Fortunately for the G.O.P., this theme fits well with political “netroots” found in both the physical and digital community. Some will wonder whether a conservative understanding of government even has an existence in the Obama era, where interventionist attempts to “make government work” are seen as the only way forward. But conservatism’s focus on institutional preservation defines the state differently and for the individualist, more effectively. Liberalism endows higher decision-makers with the power to interpret the “general welfare,” a shiny idea with practical difficulties and constitutionally alarming results. Conservatism values the United States’ original multi-strata approach, a layered mix of local, state, and federal oversight to encourage more efficient and participatory governance.
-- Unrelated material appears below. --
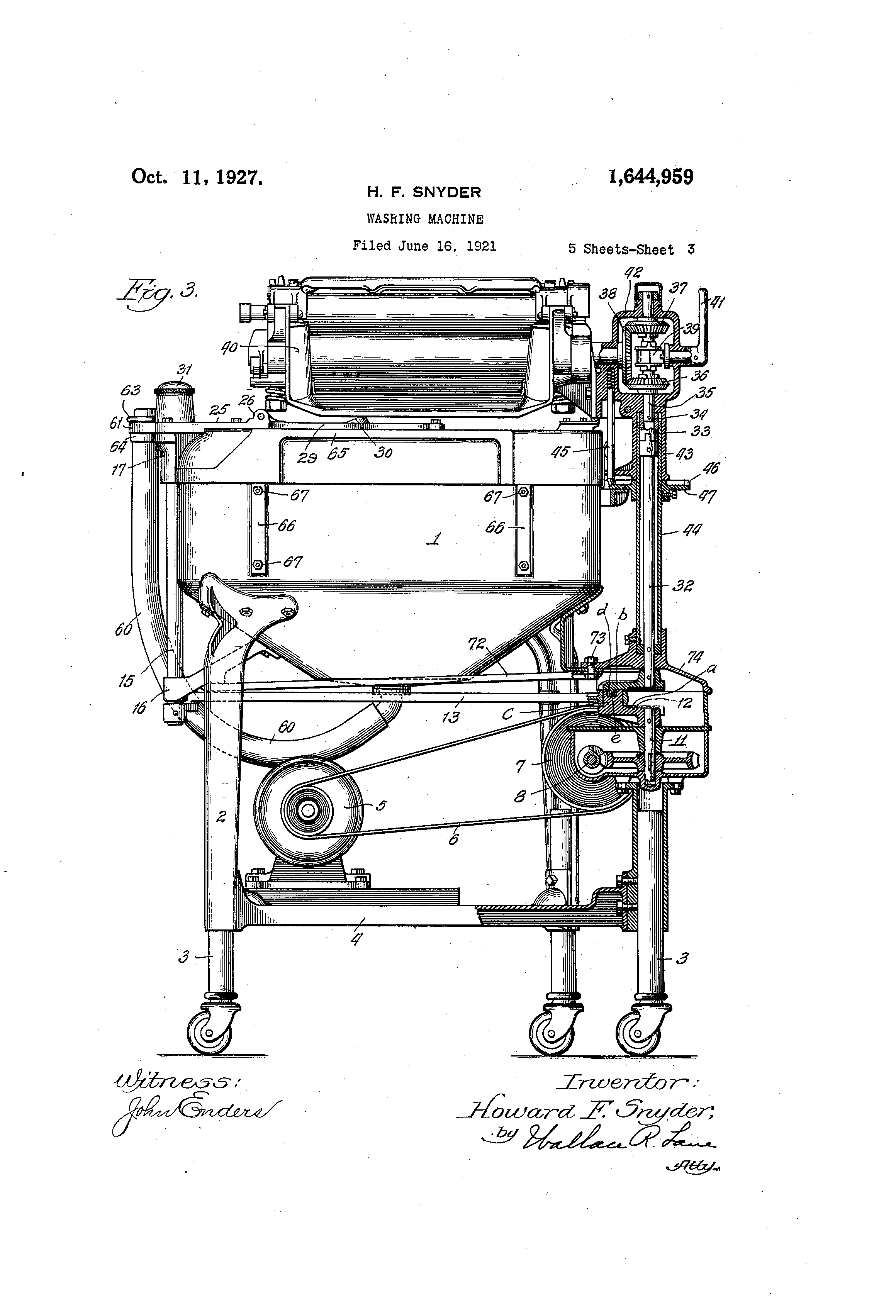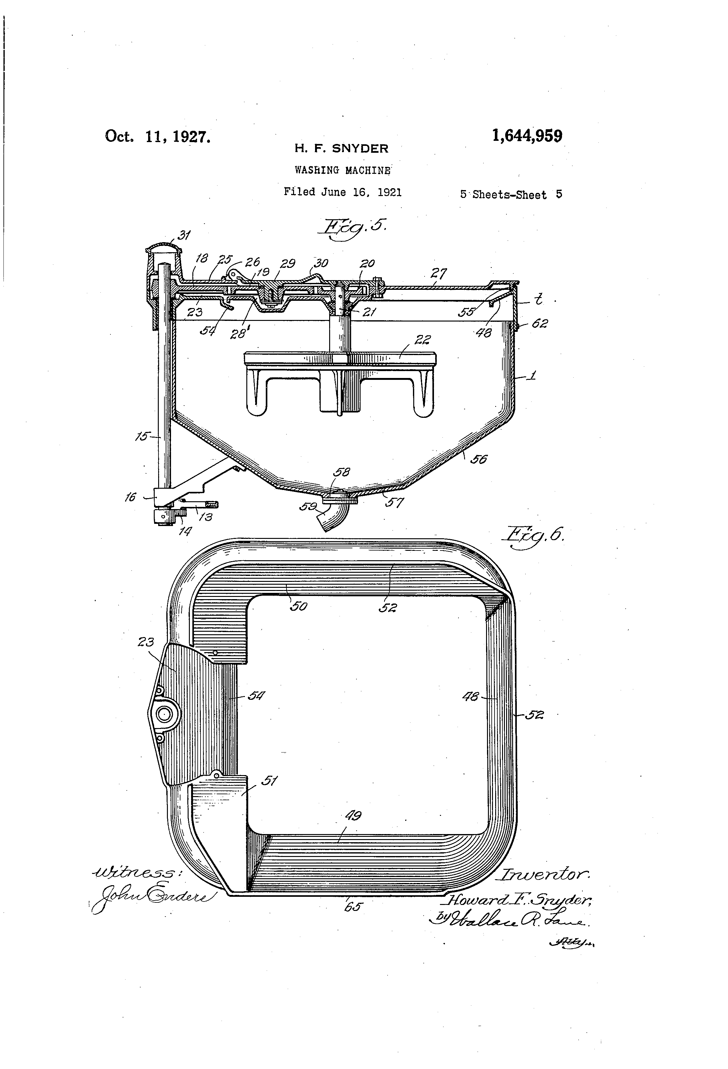 Patented Oct. 11, 1927. 19644,959 UNITED STATES PATENT OFFICE, HOWARD F. SNYDER, OF NEWTON, IOWA, ASSIGNOR, BY MESNE ASSIGNMENTS, TO THE KAYTAG COMIPANY, OF NEWTON, IOWA, A CORPORATION OF DELAWARE. WASI-IING MACHINE. Application filed June 16,1921.---SeT:ial No. 477,888. This invention relates to ivashina machines, an(I includes ,imong other iinprovements such construction that either before or after a period of use a need 'Lor increased i5 capacity can be met b)r merely -@ecuring an auxiliary - washin- m'achine, substantially similar in constructioii to the first iiiachine (except to omit the i-notor and -,vringer), to be colinected to the first n-iachine for opera'L;-on from the mot6r thereof, to enable botb machiiies to work together as a unit. . Among the further object-s of my invention is to provide for the all-t,,tchment of an auxiliary -washing machine to one already in 15 use, in a quick, simple and efficient manner, both machines to be driven from the motor of the first iiaachine by a simple ,ind quickly effected.connection, and both served fr'om a single swinaing -wr.in@,yer; ftirther to pro20 vide novel means fo@ codnecting together such plurality of machiiies; further to generally improve Nvashing machine construetion; fLLrther-to so construct th(@ top portion of the ttib or tubs that spilled water will 25 run back into the tub instead of on the floor; further to form the body portion of the,t-Lib ,of metal, preferably aluminum, and sloped toward the center to permit the easy attachment of a hose, or the like, to effect ready 30 draiiiin(y of the tub without tilting the sam,e; further to provide washino, machiii@ tubs constructed ,vith one or mor@flat sidos at the upper portion; to so arrange the dolly clriving mechanism in the top of the tub as 35 to render the top thereof substantially unobstructed and practically flat; further to provide an improv-ed washing machine tubformed of aluminum, which will not become watersoaked, rust, corrode, dry out, slii,er 40 or split ther to increase the capacity of clothes @'ausrhing machines while occupyino, a small floor space; further to render poss@l-ble the was@ing of only a few pieces with little water, and peri@it removal of t-he 45 water from the tub without tipping the tub; further to provide improved means for automatically throwino, the washer out of gear when ihe lid is @aised, and into gear when the licl is closed; further to provide a 50 washing machine extremely easy t-o operate, and having the main worIKing parts enclosed in oil tighf cases, and to eliminate danger of accidents; further to provide a washing machiiie . especiall.7 adapted for use with a 55 swinging 'Wringer, 4nd a swinging wringer , tliei,efor; furtl-ier to provide a washing inachine constrileted substantially entirely of. inetal, and one that can be easily cleaned, alivays saiiltary, and lio-l-it in weiglit; further to so combine a -wa@shing inacliine and 60 swingin-wringer that the latter can be i-emoved bv nierely lifting it from the franie; further to prodiice a washing machiiie of maximu m simplicity, efficiency and economy; and such further objects', advantacres 65 and capabilities as will latet more fully @ppear. My invention further resides i-,i the combination, construction and arrangement of parts illti:strated in the acc'ompanying dr'Lw- 70 ings, and while a preferred embodirnent i-- sho@in therein, I desire the same to be understood as illustrative only, and not as limiting the scope of my invention. In the drawings:- 75 Fig. 1 is a perspective view of a clothes wa@,;hi no, apparatus ernbodying my invention. Fig. 2 is a plan view of the arrangemen-6 shown in Fig. 1, but omitting the gear casing cap from the lef'u hand machine, ancl 50 with tb.e wringer removed. Fiol-. 3 is a sectional view on line 3-3 of Fig. 2, but sliowing @he -v@ringer in position, @he main parts of the wringer being showii in elevatioii. Fig. 4 is a vertical longitudinalsection oD. a central vertical plane, taken throuo,,h botli tubs of Figs' 1 and 2. Fig. 5 is a, vertical section throulrh one of the tubs on a plane at right angl@s to that De of 'Fig. 4. Fig. 6 is a plan view of the top of one of the tubs, with the cover and a;ssociated parts remove d. Fig. 7 is a fragmentary sectional detail., 95 showina the manner of connection between the two tubs. Fig. 8 is a detailed plan view of tl-ie op.- crating parts beneath the tub. Refe ring to the drawi-ugs, Fig. 3 sho-wo ioa the main or primary washing ii@achine of iiiy ifivention, in which the tub I is mounted upon the legs 2, having adjustable extension.Q 3 at their lower-ends. 'Seciired to and extending between the legs.is platform 4 car- 105 ryino,, any suitable form of motor 5, whicli. is connected by belt 6 (or other sllitable power transmittiiag means) to drive wheel or pulley 7, carried by shaft 8, which shaft as seeii iii F' 8 lias fixed to rot4t@ thc,-re- 110 19- 1,644,959 'tli worm pinion 9, meshing with gear 10, mounted upon the lower end of. vertical shaft 11. Fixed to t-he upper end of shaft 11 is crank arm 12, to which is pivotally con6 nected the connecting rod 13, whicli at its oppo,gite end is pivotally connected to a second crank arm 14, mounted at the lower eiid of vertical shaft 15, which as shown in Fig. 3 is journalled in suitable brackets 16 to and 17. Fixed to the upper end of shaft 15 (see Figs. 2 and 5) is seoinental rack 18, mesbin(r with liorizontal (year 19, which in turn hqs driving engageiia@'nt witli ' on 20, plni fix,ed to t-he upper end of clolly shaft 21, which shaft extends downwai-(fly into the tub and carries the agitatiiig or dolly member 22. As seeii in Fiys. 2 aiid 5, ttie segmental rack 18, gear 19 and p@nion 20, are seated within depressions or casings, by reason of which the top of the tub is substantial flat and free of projections. Sur'y rounding depression 23, within which segmental rack 18 is seated, is an upstanding rib 24, and coveriiig this depression is a cover pla-te 25, form

These institutions bring community together, give structure to the progress of society, and ultimately provide outlets for erudite political participation. They also go hand-in-hand with a mobilized citizenry passionate about taking politics into their own hands—an irony apparently lost on the army of Democratic recruits championing government’s capabilities.
The G.O.P. need not move mountains to “bring the message home.” The grassroots network is already in place via local and regional priorities. Far from Sarah Palin’s horrifically stereotypic “Joe Six-Packs,” the truth remains that the average citizen identifies first with local issues. The concerns of the Nebraska farmer are not the same as the needs of the New York schoolteacher. As the federal government looks to expand in size under the Democratic rule, Republicans can use a built-in base of volunteers and donors looking to be met with specific solutions rather than blanket promises.
The abstract ideas that energize conservatives are often big-picture concepts resistant to sympathetic storytelling. But those same concepts fit well in the new netroots culture, and they can and should translate into substantive policy ideas. Sure, herald bipartisanship. Yes, decry Obama’s sweeping movements on social policy as they emerge. But ultimately, articulate an attractive alternative. Give us something that’s worth knocking down a few doors.